Figure 7.

Vps52p, Vps53p, and Vps54p coprecipitate as a 1:1:1 complex. Strains containing one or more epitope-tagged proteins (as indicated) were subjected to immunoprecipitation under nondenaturing conditions with affinity-purified rabbit anti-myc antibodies. Copurifying proteins were subsequently detected by Western blotting with anti-myc (top panels) or anti-HA (center panels) mouse mAbs and species-specific secondary antibodies. Equal amounts of total cell lysates, as determined by Bradford assay, were also analyzed by Western blotting to determine the relative amounts of each HA-tagged protein in the extracts (bottom panels).
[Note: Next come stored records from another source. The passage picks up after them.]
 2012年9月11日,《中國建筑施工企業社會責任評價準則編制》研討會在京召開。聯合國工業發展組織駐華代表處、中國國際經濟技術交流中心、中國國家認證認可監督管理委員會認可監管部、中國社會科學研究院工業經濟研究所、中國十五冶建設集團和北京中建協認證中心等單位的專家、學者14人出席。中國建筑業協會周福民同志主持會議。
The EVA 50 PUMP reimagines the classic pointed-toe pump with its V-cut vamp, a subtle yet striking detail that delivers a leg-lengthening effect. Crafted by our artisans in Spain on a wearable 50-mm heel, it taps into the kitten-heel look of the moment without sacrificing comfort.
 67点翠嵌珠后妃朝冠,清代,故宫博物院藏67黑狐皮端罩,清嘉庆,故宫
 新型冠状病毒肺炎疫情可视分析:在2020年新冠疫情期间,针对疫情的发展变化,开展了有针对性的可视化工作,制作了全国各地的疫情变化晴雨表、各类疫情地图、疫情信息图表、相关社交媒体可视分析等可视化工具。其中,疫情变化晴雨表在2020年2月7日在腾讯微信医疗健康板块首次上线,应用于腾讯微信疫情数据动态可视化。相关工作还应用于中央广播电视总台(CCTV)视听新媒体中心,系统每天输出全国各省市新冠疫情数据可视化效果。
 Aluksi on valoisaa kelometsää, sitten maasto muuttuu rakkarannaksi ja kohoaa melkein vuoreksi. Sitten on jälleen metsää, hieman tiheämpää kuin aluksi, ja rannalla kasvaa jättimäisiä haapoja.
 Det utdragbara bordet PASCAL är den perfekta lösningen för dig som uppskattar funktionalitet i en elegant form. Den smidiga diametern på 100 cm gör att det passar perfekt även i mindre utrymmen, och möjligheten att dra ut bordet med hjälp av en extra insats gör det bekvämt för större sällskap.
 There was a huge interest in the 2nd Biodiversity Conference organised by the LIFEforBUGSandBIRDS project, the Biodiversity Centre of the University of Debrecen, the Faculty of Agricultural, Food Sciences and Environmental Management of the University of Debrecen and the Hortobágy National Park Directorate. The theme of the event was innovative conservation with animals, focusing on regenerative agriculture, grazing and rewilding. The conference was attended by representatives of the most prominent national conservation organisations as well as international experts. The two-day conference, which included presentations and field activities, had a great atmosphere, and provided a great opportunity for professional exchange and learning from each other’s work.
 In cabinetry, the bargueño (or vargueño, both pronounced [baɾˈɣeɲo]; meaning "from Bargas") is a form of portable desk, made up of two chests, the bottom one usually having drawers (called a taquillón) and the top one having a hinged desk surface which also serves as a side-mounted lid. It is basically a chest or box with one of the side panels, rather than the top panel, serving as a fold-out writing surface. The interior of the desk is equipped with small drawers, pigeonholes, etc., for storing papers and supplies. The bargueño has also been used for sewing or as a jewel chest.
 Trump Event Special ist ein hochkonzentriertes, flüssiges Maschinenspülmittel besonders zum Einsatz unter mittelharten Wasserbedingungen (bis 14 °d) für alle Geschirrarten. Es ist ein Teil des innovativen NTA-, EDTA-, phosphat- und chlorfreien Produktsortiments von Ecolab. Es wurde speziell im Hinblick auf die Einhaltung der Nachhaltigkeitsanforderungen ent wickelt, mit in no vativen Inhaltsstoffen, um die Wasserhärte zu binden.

Blots were visualized by chemiluminescence and quantified by chemifluorescence (see MATERIALS AND METHODS). All samples were processed in parallel; lanes 9 and 10 are identical. Apparent differences in the levels of Vps52p-myc and Vps54p-myc relative to Vps53p-myc are due to context dependence of the anti-myc mAb 9E10; all three proteins are recognized equally well by the rabbit anti-myc serum (our unpublished results). The following strains were used: lane 1, LCY228; lane 2, LCY226; lane 3, LCY227; lane 4, LCY233; lane 5, LCY237; lane 6, LCY234; lane 7, LCY229; lane 8, LCY235; lane 9, LCY256; lane 10, LCY256; lane 11, LCY226 + pLC65; lane 12, LCY228 + pLC75; lane 13, LCY234 + pLC104.